Exclude images; transcribe the rest of the data exactly.

### INPUT DATA
BEGIN

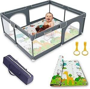 EveryKip® Parc Bebe 120x120CM | Parc Enfant Modulable Avec Tapis | Barriere Parc Bébé Parc de Jeux | Tapis Et Anneaux Inclus : Amazon.fr: Bébé et Puériculture
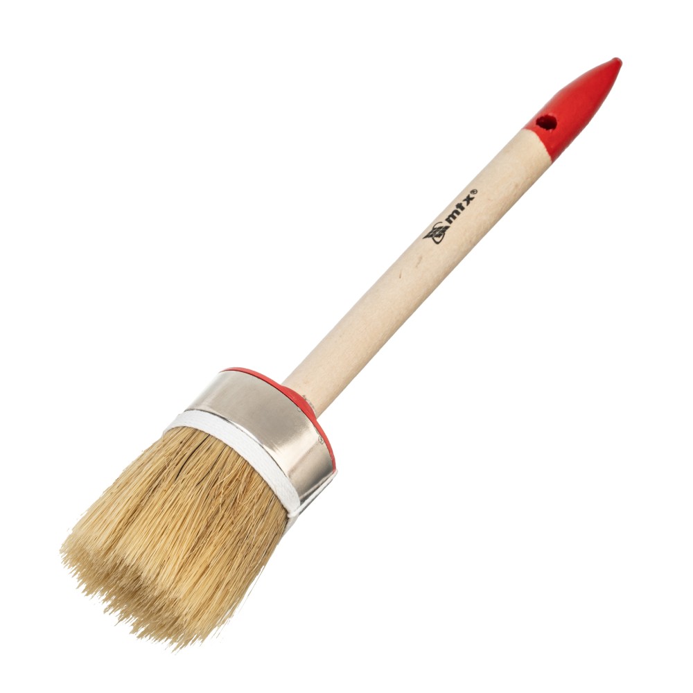 Круглая кисть MTX Профи №12 82048 диаметром 45 мм, с натуральной щетиной и деревянной ручкой, используется при проведении профессиональных малярных работ. Рабочая часть из натуральной свиной щетины с небольшим добавлением искусственной устойчива к агрессивным масляным краскам и ЛКМ на основе растворителей. Круглая кисть оптимально подходит для окрашивания узких и труднодоступных участков.ПреимуществаВысокое качество работ — щетина двойной выварки не содержит включений жира и мелких частиц грязи.Производительность — расщепленная на концах щетина обеспечивает высокую впитывающую способность и отдачу ЛКМ.Антикоррозийное покрытие — металлический бандаж не ржавеет при контакте с водой, поэтому кисть можно мыть.Комфорт и надежность — рукоятка выполнена из отборной древесины, отшлифована и покрыта защитным лаком.Удобное хранение — отверстие в рукоятке позволяет подвешивать кисть на крючок.
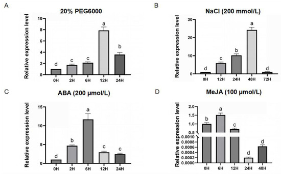 The expression levels of ZmCML3 in maize under different treatments, including (A) PEG6000 (20%), (B) NaCl (200 mmol/L), (C) ABA (200 µmol/L), and (D) MeJA (100 µmol/L). The experiments were performed with three biological replicates. ZmTub (GRMZM2G066191) was used as an endogenous reference for data standardization. The significance difference was analyzed using one-way ANOVA according to letter marking method. The different letters indicate significant differences at p < 0.05.
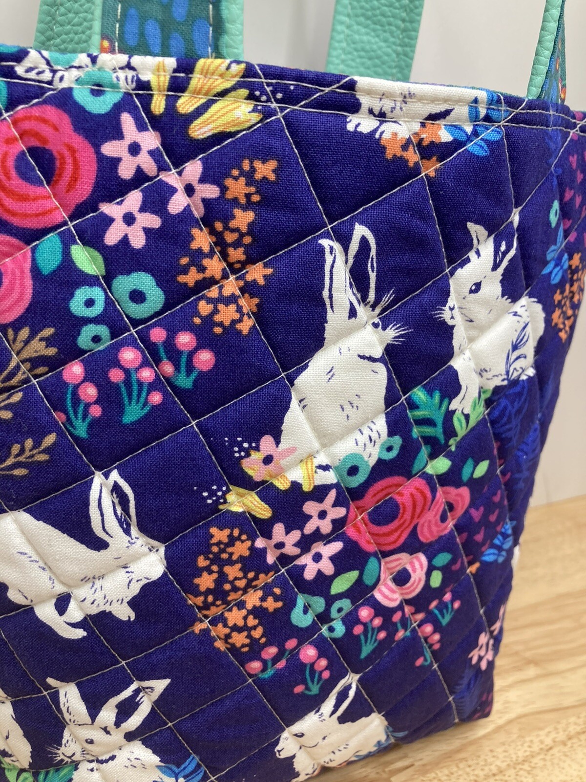 Handmade Childrens Quilted Bunnies Floral Tote Bag

END

### EXERCISE ANSWER
 EveryKip® Parc Bebe 120x120CM | Parc Enfant Modulable Avec Tapis | Barriere Parc Bébé Parc de Jeux | Tapis Et Anneaux Inclus : Amazon.fr: Bébé et Puériculture
 Круглая кисть MTX Профи №12 82048 диаметром 45 мм, с натуральной щетиной и деревянной ручкой, используется при проведении профессиональных малярных работ. Рабочая часть из натуральной свиной щетины с небольшим добавлением искусственной устойчива к агрессивным масляным краскам и ЛКМ на основе растворителей. Круглая кисть оптимально подходит для окрашивания узких и труднодоступных участков.ПреимуществаВысокое качество работ — щетина двойной выварки не содержит включений жира и мелких частиц грязи.Производительность — расщепленная на концах щетина обеспечивает высокую впитывающую способность и отдачу ЛКМ.Антикоррозийное покрытие — металлический бандаж не ржавеет при контакте с водой, поэтому кисть можно мыть.Комфорт и надежность — рукоятка выполнена из отборной древесины, отшлифована и покрыта защитным лаком.Удобное хранение — отверстие в рукоятке позволяет подвешивать кисть на крючок.
 The expression levels of ZmCML3 in maize under different treatments, including (A) PEG6000 (20%), (B) NaCl (200 mmol/L), (C) ABA (200 µmol/L), and (D) MeJA (100 µmol/L). The experiments were performed with three biological replicates. ZmTub (GRMZM2G066191) was used as an endogenous reference for data standardization. The significance difference was analyzed using one-way ANOVA according to letter marking method. The different letters indicate significant differences at p < 0.05.
 Handmade Childrens Quilted Bunnies Floral Tote Bag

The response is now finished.